En Suisse, les rouages de la justice ont commencé à s’animer fin août 2017. Le Département fédéral des finances (DFF) rend un prononcé pénal (lire ici) contre le membre de la direction générale d’Heritage, seul responsable juridique, compliance et risques de l’établissement.

 

Soupçons fondés

Frappé par une amende de 30’000 francs, ce dernier demande à être jugé par un tribunal, espérant renverser le jugement du DFF. Le dossier passe au TPF, où la défense du haut cadre d’Heritage a plaidé l’acquittement, assorti de l’octroi d’une indemnité.

La décision est tombée le 19 décembre mais elle a été communiqué seulement cette semaine. Comme le demandait le DFF, le dirigeant a été retenu coupable d’infraction à l’obligation de communiquer et condamné à une amende de 15’000 francs (plus 5’000 francs de frais de procédures). La jurisprudence a retenu que si l’intermédiaire a un simple doute sur le fait que, par exemple, les valeurs patrimoniales proviennent d’un acte criminel, il doit faire une communication au MROS. Si la communication est omise ou est faite de manière tardive, le responsable peut être coupable d’infraction au droit de communiquer.

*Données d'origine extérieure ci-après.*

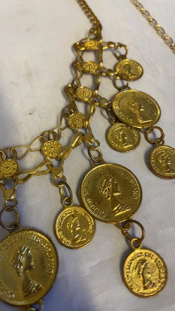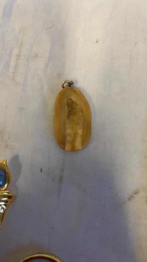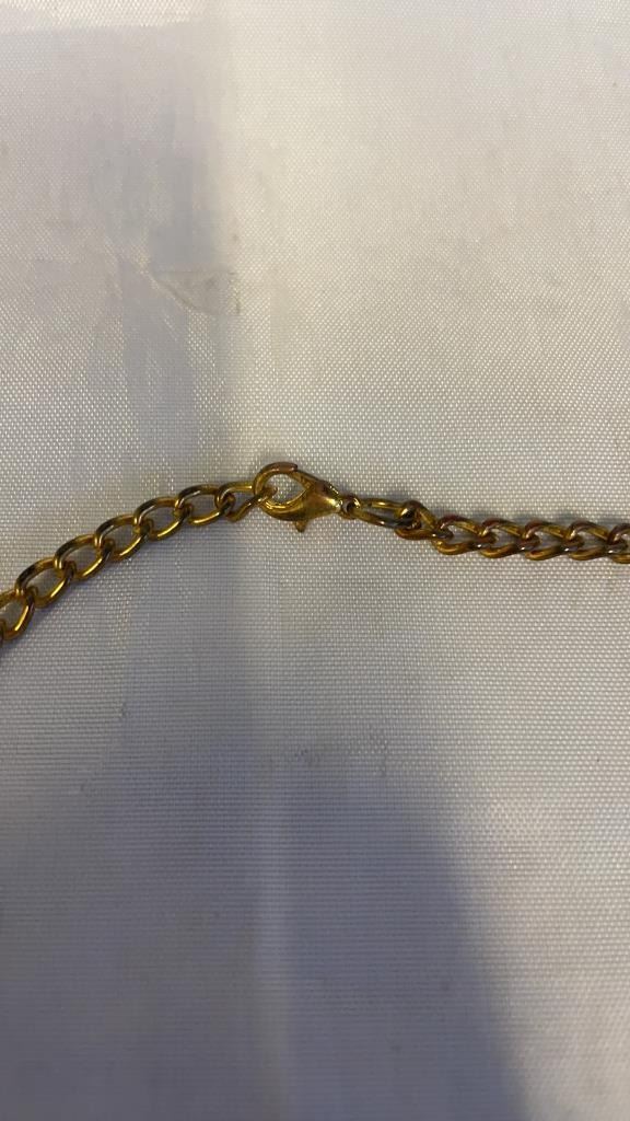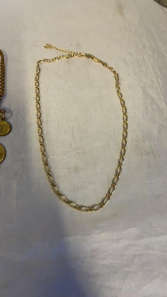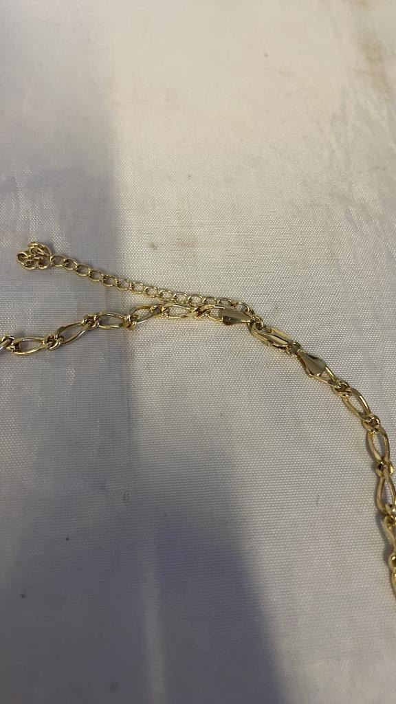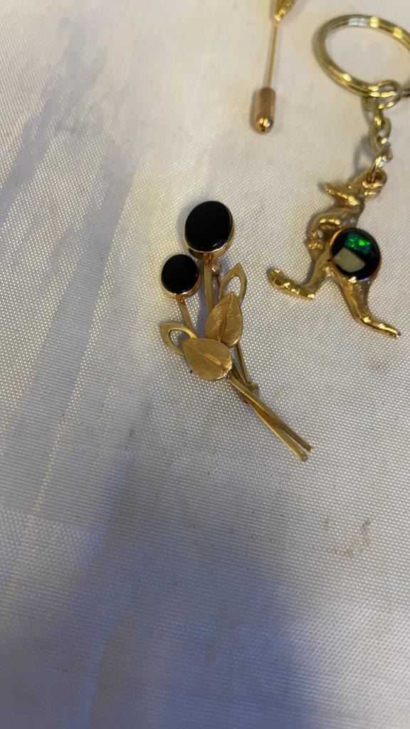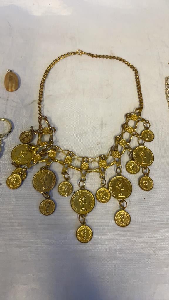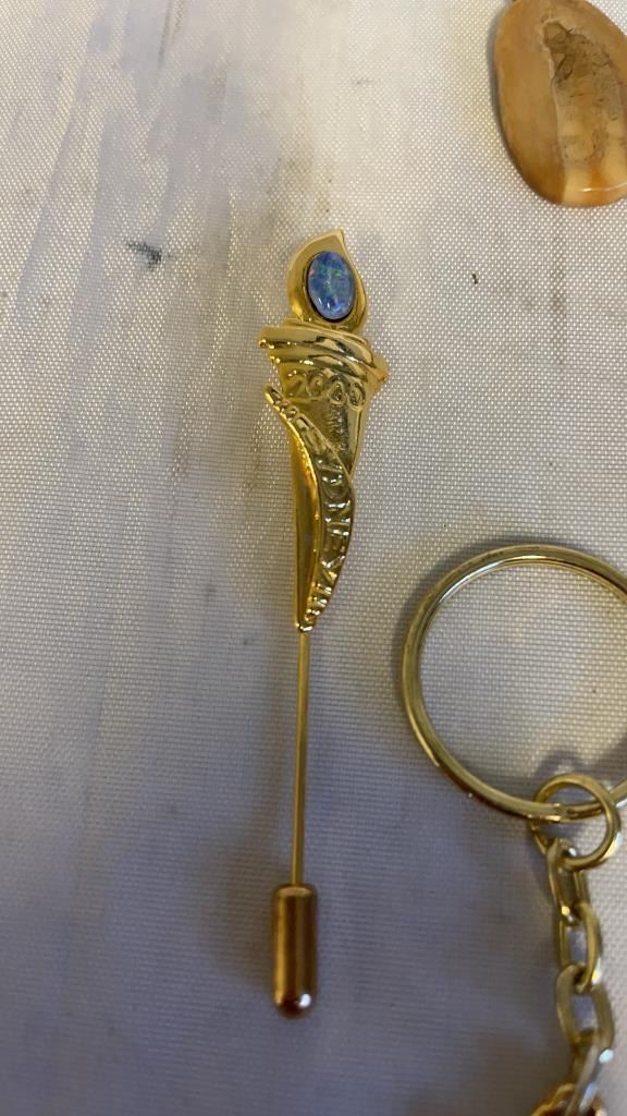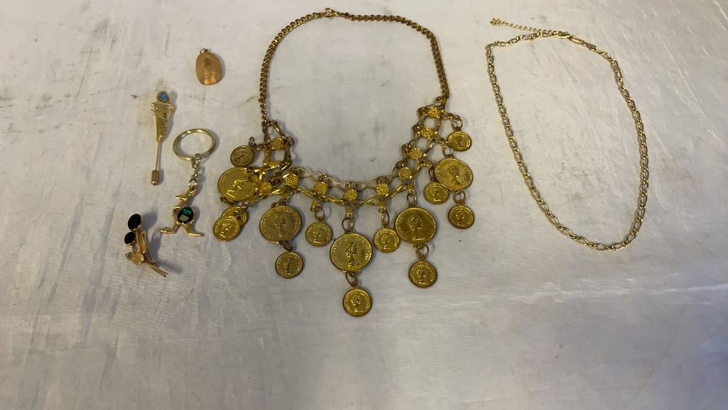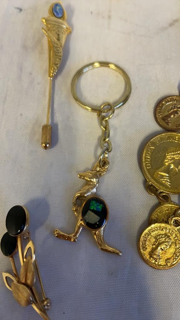 BAG OF MISC. GOLD TONE JEWLERY - 2 NECKLACES, KEYCHAIN, 2 PINS, AND WOOD PENDANT

«Dans la mesure où la communication doit intervenir immédiatement lorsqu’on a des soupçons fondés, il est clair que le retard peut être sanctionné par l’art. 37 LBA. Le jugement confirme donc un point juridique incontesté», analyse Ursula Cassani, professeure à la Faculté de droit de l’Université de Genève. «Par ailleurs, le caractère tardif semblait clairement établi dans le cas d’espèce. Des éléments de suspicion existaient fin septembre 2014, les vérifications se sont étendues sur deux mois, ce qui n’est pas jugé excessif. D’après le jugement, le devoir existait à partir du 1er décembre 2014, et l’auteur a encore attendu presque deux mois pour communiquer. Avec la meilleure volonté du monde, on ne peut pas dire que cette communication est intervenue immédiatement.  Le jugement ne me paraît pas sévère, ce d’autant moins que seule la négligence est retenue

Avec deux mois de retard, le 27 janvier 2015, le service compliance de la banque décide de communiquer au MROS, après avoir appris, sur la base de plusieurs articles de presse, que, Nestor Cervero avait été inculpé, en décembre 2014, pour corruption et blanchiment d’argent par le Procureur fédéral brésilien. En l’espèce, Nestor Cervero a été qualifié de PEP (personne exposée politiquement).

Ainsi, le cadre bancaire d’Heritage, responsable de la compliance de la banque, n’a pas prêté le soin commandé par les circonstances. Pour le TPF, «il aurait dû examiner de manière plus attentive et critique les éléments pour arriver à la conclusion qu’il y avait plus d’éléments fiables et d’indices convergents vers le blocage des avoirs que d’élément non corroboré infirmant ledit blocage des avoirs au Brésil. En ce sens, il a agi avec négligence et s’est rendu coupable d’une infraction à l’art. 37 al. 2 LBA». Contacté, l’avocat de l’accusé n’a pas souhaité commenter la décision du TPF.